Many producers are now turning to new markets, such as the US and Japan, in addition to their traditional consumers in the EU.
Statistics from the General Department of Vietnam Customs show that revenue from footwear exports hit US$1.73 billion by the end of March, up 16.1 percent over same period in 2012.
Footwear is now one of the country’s key 10 export items with total earnings in the first quarter of 2013 surpassing US$1 billion.
The increasing production of footwear businesses is mainly attributed to trade agreements that are currently in the final stages of negotiation.

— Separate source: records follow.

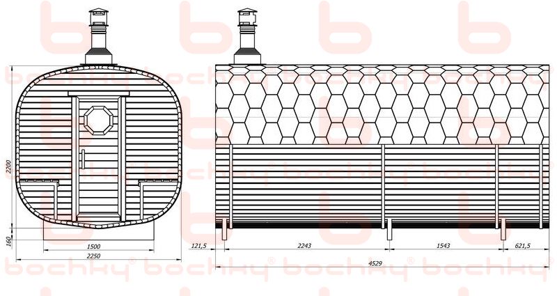 В базовой комплектации. Grill’D Bochky Short с внутренней топкой. Загрузка - 40 кг камней. Сталь повышенной прочности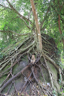 I was taking a picture of the tree over the rock before I saw the monkey.
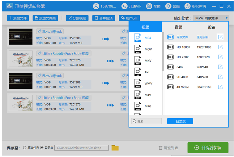 VOB是光盘文件格式,可以使用DVD或者VCD进行播放,否则无法正常打开。如果我们需要在手机或者电脑中播放VOB文件,必须先将其转换成MP4格式,下面介绍详细方法。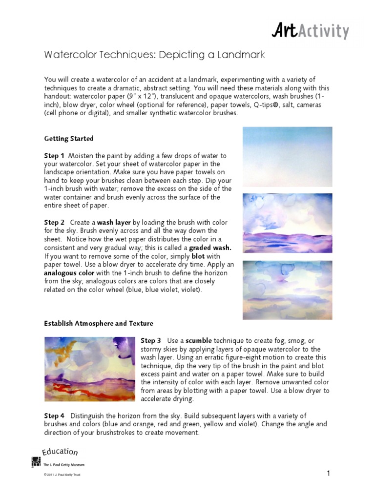 You will create a watercolor of an accident at a landmark, experimenting with a variety of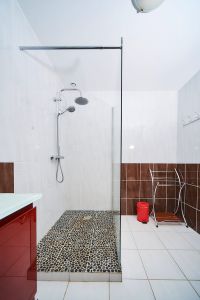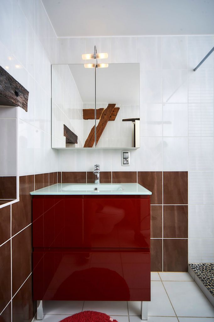 En empruntant l’escalier en bois, vous arriverez à demi étage à la salle de bain de couleur chocolat avec une douche à l’italienne, WC, un lavabo et des rangements.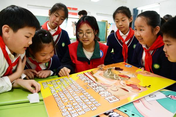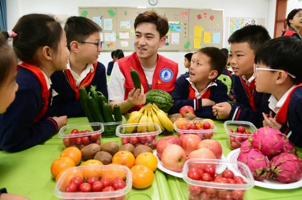 2023年5月18日, 志愿者来到镇江市金山湖小学开展“均衡营养 健康成长”活动,为小学生讲解各种水果、蔬菜的营养价值与科学搭配,指导他们制作水果拼盘,引导孩子树立健康饮食观念,迎接中国学生营养日的到来。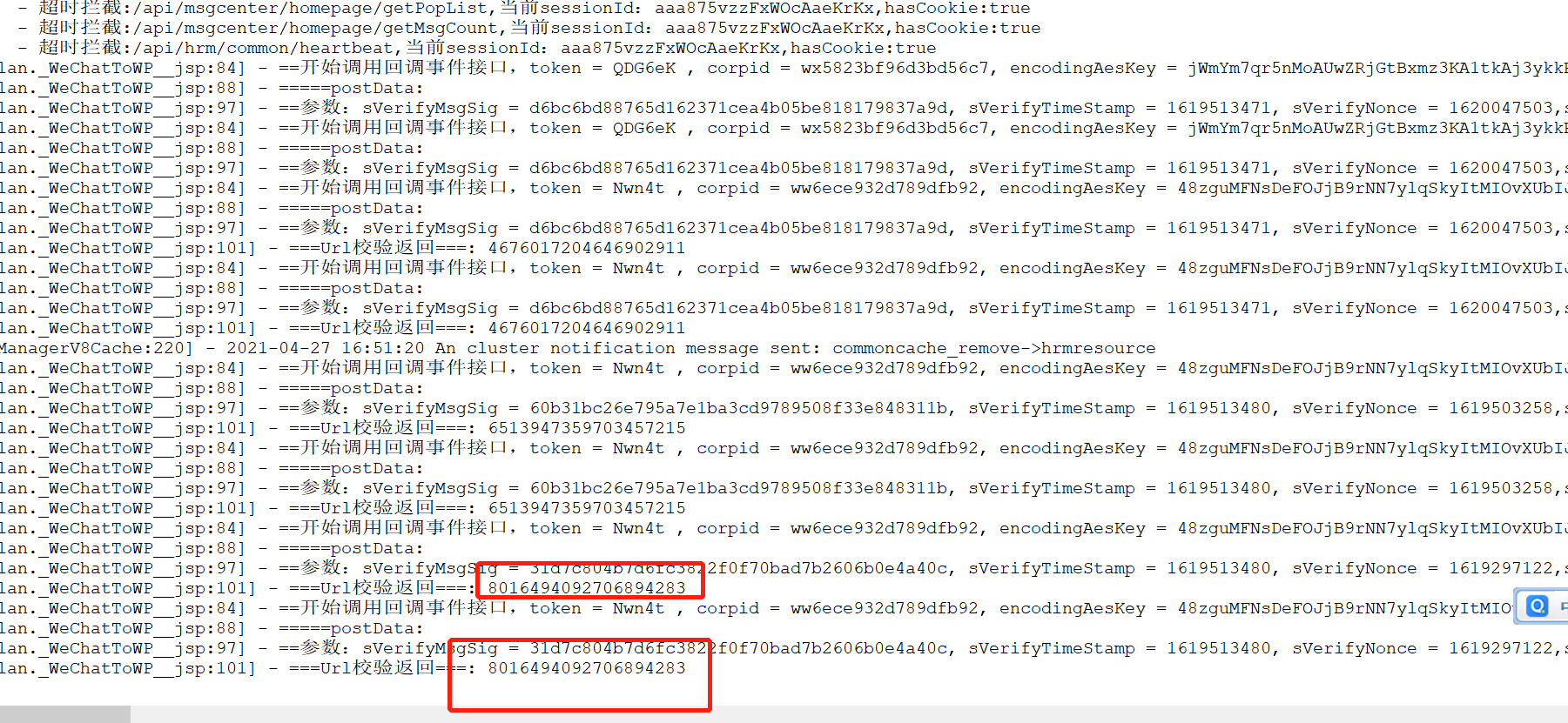 你好,没有返回解密的明文,所以是没有通过的 https://oa.uic.edu.cn/workplan/WeChatToWP.jsp?msg_signature=7dec3e1cb6ba5b725cfc5d4aec82dcd137e02912×tamp=1619347256&nonce=1619184547&echostr=mLXT3Iv2nbFxRTmw9KwxHTBfLHXq8lFC6TDYZ8gcZdQVhyLbZY%2F%2Bt7CSt6Ty2NS2wkOIbKIHRob0kokTz%2Fc7Pg%3D%3D

The signing of the Vietnam-EU Free Trade Agreement (FTA) and the Trans-Pacific Partnership (TPP) agreement expected in the coming months will bring more advantages to the sector.
The TPP alone will help Vietnam penetrate to a larger market of 2.7 billion consumers that makes up half the global GDP.
In addition, tariffs levied on imports to the US, one of Vietnam’s key markets, will be slashed to zero percent from the current 14.3 percent on average.
Footwear and leather exports to TPP member states are expected to account for more than 47 percent of the sector’s total value, with the US having the lion’s share of 31 percent.
The sector aims to reap US$9.7 billion in revenue this year, an increase of 10 percent over 2012.
The Japanese market is also forecast to contribute significantly to the sector’s 20 percent growth in orders this year, especially since the Tokyo Business Association sent 10 footwear businesses to Vietnam to conduct market research at the end of last year.
Over half of these businesses have subsequently decided to shift their orders from other markets to Vietnam.